Each point on Earth gets a 64-bit S2 cell ID

S2 cells at level 30 are ~1 cm². At level 12, they're ~3.3 km² (comparable to geohash length 5). The Hilbert curve ordering means a range scan on S2 cell IDs efficiently retrieves spatially nearby points.

Comparison summary: Geohash is simplest (works with any database), Quadtree is best for in-memory adaptive indexing, R-tree is what PostGIS uses under the hood, and S2 is used by Google services for its superior handling of polar regions and uniform cell sizes. For most proximity services, geohash + Redis or PostGIS (R-tree) is the pragmatic choice.

Geohash Deep Dive

The Encoding Algorithm

Let's encode the coordinates of the Statue of Liberty: (40.6892, -74.0445)
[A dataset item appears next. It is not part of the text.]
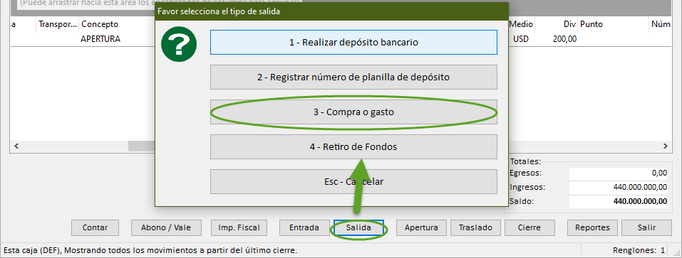 Para fondear saldo a la caja previamente abierta, se hace clic en Apertura. Para retirar saldo se hace clic en Salida y luego en Retiro de Fondos.
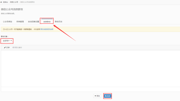 增加微信公众号绑定功能后小伙伴们的反响还不错,现在这个功能又得到了优化,增加了消息群发功能,选择好群发对象,就可以直接进行消息群发了呢,是不是很方便?

// Step 1: Interleave longitude and latitude bits
// Longitude range: [-180, 180], Latitude range: [-90, 90]
// Odd bit positions → longitude, Even bit positions → latitude

function encodeGeohash(lat, lng, precision) {
    const BASE32 = '0123456789bcdefghjkmnpqrstuvwxyz';
    let latRange = [-90, 90];
    let lngRange = [-180, 180];
    let hash = '';
    let bits = 0;
    let currentBit = 0;
    let isLng = true;  // start with longitude

    while (hash.length < precision) {
        if (isLng) {
            let mid = (lngRange[0] + lngRange[1]) / 2;
            if (lng >= mid) {
                currentBit = currentBit * 2 + 1; // bit = 1
                lngRange[0] = mid;
            } else {
                currentBit = currentBit * 2;     // bit = 0
                lngRange[1] = mid;
            }
        } else {
            let mid = (latRange[0] + latRange[1]) / 2;
            if (lat >= mid) {
                currentBit = currentBit * 2 + 1;
                latRange[0] = mid;
            } else {
                currentBit = currentBit * 2;
                latRange[1] = mid;
            }
        }

        isLng = !isLng;
        bits++;

        if (bits === 5) {
            hash += BASE32[currentBit];
            bits = 0;
            currentBit = 0;
        }
    }
    return hash;
}

// encodeGeohash(40.6892, -74.0445, 9) → "dr5r7p4rx"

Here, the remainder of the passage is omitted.